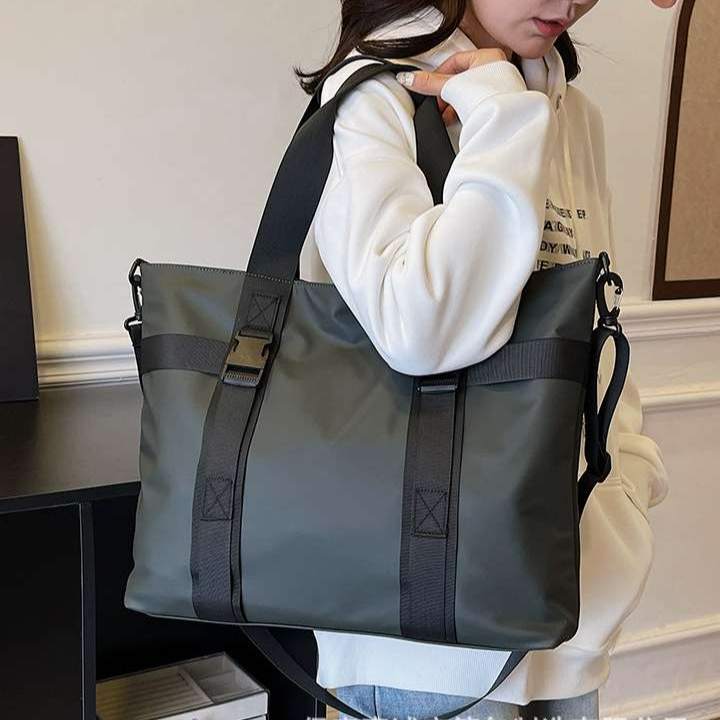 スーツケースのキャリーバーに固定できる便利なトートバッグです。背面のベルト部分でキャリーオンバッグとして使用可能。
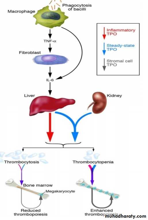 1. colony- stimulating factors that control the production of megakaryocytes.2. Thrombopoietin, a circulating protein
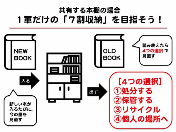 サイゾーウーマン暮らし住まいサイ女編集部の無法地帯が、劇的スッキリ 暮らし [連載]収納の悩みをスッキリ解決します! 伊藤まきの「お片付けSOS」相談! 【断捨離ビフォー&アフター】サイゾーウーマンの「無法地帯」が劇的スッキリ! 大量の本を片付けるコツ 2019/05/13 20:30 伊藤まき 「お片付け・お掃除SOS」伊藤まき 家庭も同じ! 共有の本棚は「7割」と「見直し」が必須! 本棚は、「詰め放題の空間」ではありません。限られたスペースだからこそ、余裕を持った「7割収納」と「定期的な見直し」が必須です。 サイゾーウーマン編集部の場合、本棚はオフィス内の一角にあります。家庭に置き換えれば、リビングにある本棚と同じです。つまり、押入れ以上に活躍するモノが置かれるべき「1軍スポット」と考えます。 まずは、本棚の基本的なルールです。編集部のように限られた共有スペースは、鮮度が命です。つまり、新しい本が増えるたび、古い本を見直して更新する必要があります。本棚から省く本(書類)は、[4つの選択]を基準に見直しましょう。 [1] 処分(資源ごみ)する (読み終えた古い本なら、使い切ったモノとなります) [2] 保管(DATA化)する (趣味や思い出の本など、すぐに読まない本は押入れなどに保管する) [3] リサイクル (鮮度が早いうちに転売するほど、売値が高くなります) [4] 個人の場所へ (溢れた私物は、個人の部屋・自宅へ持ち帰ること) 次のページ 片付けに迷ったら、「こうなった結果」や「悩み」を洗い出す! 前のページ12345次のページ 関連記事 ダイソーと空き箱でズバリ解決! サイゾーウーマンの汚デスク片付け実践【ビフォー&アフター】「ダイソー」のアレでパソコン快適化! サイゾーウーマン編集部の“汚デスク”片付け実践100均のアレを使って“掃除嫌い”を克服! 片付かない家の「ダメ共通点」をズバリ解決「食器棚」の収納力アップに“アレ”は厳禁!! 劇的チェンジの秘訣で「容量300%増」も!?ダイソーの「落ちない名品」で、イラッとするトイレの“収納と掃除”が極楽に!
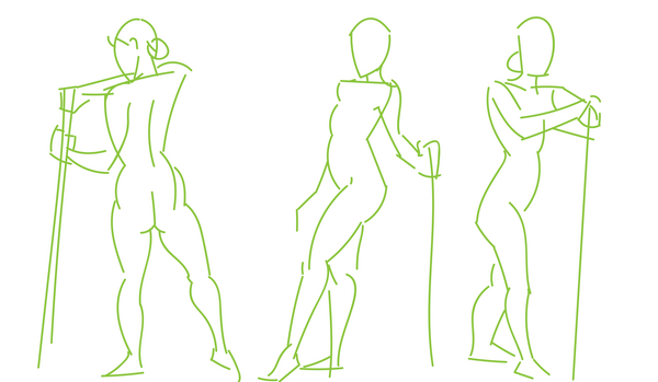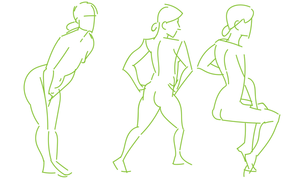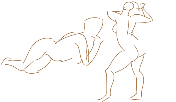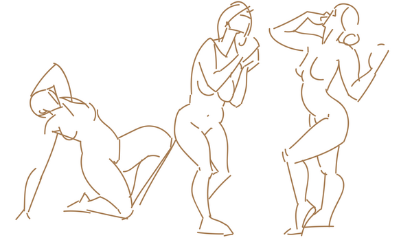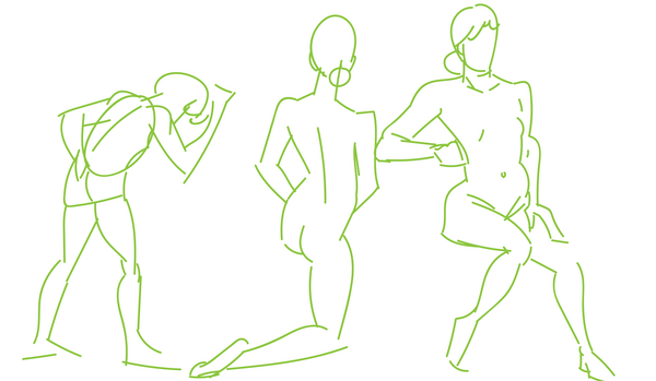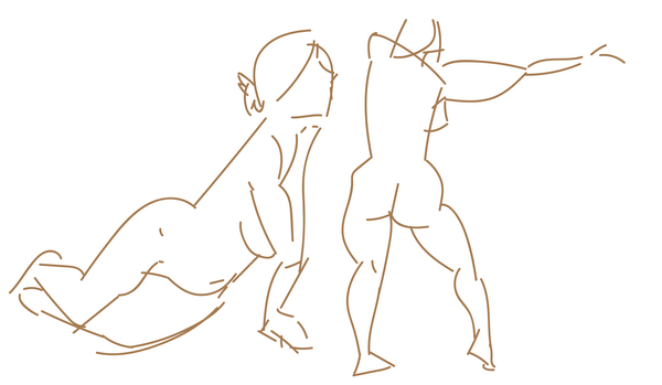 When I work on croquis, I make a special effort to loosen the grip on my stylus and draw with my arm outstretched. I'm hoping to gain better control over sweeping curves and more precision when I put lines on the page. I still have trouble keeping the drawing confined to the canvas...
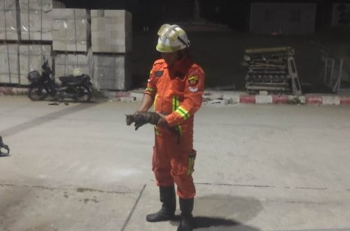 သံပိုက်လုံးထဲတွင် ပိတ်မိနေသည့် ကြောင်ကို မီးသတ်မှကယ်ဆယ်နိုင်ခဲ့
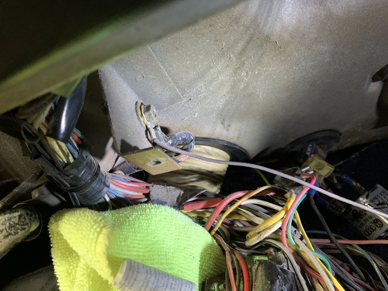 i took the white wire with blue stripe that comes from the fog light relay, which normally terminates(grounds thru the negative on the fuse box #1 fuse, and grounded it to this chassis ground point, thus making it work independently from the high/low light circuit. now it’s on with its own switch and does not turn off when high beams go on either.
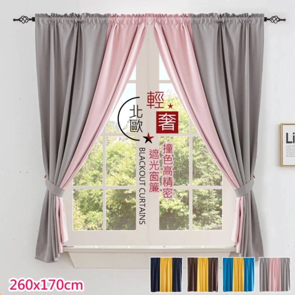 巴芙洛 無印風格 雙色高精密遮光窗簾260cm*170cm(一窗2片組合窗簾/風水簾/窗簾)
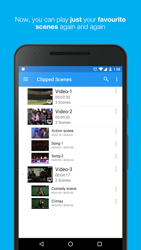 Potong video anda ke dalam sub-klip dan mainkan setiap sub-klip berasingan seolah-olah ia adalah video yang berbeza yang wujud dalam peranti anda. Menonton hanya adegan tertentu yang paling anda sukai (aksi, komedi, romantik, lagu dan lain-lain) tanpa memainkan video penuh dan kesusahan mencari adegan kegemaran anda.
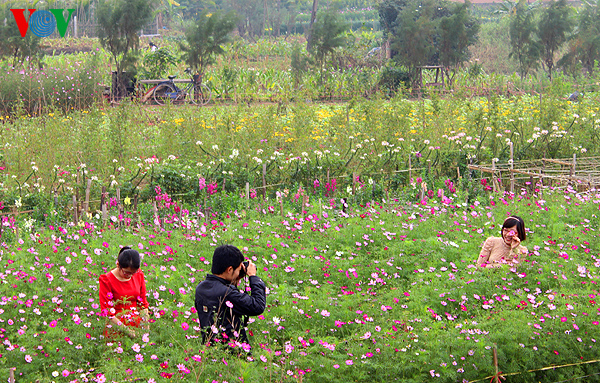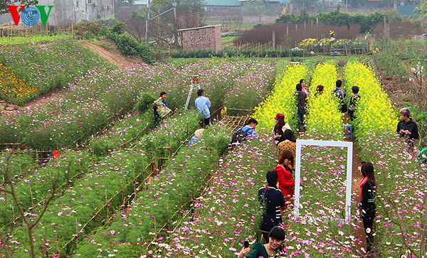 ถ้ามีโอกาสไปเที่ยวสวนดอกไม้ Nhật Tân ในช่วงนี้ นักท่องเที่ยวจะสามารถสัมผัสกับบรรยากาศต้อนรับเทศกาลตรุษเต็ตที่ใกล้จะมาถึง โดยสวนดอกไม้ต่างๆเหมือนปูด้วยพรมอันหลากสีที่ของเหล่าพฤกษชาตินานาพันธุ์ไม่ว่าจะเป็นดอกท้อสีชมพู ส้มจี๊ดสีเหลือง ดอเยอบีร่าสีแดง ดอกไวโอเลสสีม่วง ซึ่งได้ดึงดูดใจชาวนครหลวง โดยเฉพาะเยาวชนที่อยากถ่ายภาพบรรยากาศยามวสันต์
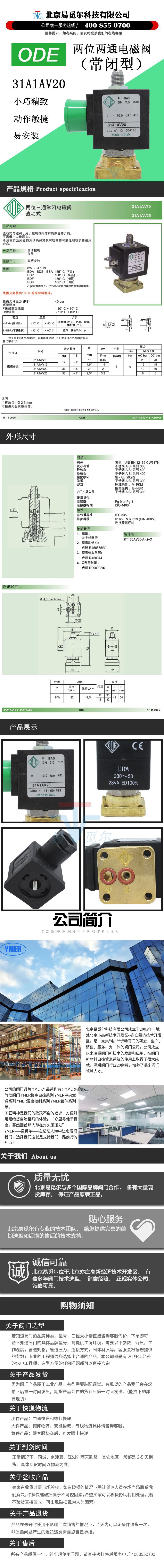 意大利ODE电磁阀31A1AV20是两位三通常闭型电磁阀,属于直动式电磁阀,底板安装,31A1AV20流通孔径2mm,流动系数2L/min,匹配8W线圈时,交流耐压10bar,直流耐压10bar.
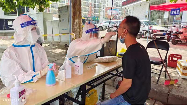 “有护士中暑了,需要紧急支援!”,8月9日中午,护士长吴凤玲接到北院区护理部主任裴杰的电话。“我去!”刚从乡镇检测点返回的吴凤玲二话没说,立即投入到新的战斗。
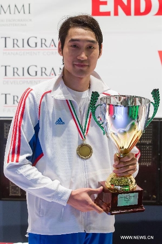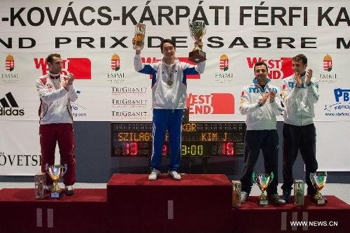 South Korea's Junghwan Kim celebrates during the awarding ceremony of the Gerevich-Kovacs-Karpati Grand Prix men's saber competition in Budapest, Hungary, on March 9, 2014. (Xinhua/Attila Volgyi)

········

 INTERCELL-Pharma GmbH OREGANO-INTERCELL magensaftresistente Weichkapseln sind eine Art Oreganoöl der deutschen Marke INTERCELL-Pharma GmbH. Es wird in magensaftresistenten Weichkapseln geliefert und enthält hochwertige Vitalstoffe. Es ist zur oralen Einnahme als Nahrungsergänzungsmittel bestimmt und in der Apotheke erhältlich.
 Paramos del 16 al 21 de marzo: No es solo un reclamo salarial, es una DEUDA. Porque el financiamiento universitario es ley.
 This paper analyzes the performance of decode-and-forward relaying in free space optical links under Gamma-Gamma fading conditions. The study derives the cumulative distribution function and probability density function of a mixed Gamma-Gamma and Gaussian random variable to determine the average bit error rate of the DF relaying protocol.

········

### Directions for this task
Within the entries above, the lines from the one containing "Potong video anda" through the one containing "ถ้ามีโอกาสไปเที่ยวสวนดอกไม้ Nhật Tân" are to be transcribed exactly, ends included, pictures excluded.

### Exercise solution
 Potong video anda ke dalam sub-klip dan mainkan setiap sub-klip berasingan seolah-olah ia adalah video yang berbeza yang wujud dalam peranti anda. Menonton hanya adegan tertentu yang paling anda sukai (aksi, komedi, romantik, lagu dan lain-lain) tanpa memainkan video penuh dan kesusahan mencari adegan kegemaran anda.
 ถ้ามีโอกาสไปเที่ยวสวนดอกไม้ Nhật Tân ในช่วงนี้ นักท่องเที่ยวจะสามารถสัมผัสกับบรรยากาศต้อนรับเทศกาลตรุษเต็ตที่ใกล้จะมาถึง โดยสวนดอกไม้ต่างๆเหมือนปูด้วยพรมอันหลากสีที่ของเหล่าพฤกษชาตินานาพันธุ์ไม่ว่าจะเป็นดอกท้อสีชมพู ส้มจี๊ดสีเหลือง ดอเยอบีร่าสีแดง ดอกไวโอเลสสีม่วง ซึ่งได้ดึงดูดใจชาวนครหลวง โดยเฉพาะเยาวชนที่อยากถ่ายภาพบรรยากาศยามวสันต์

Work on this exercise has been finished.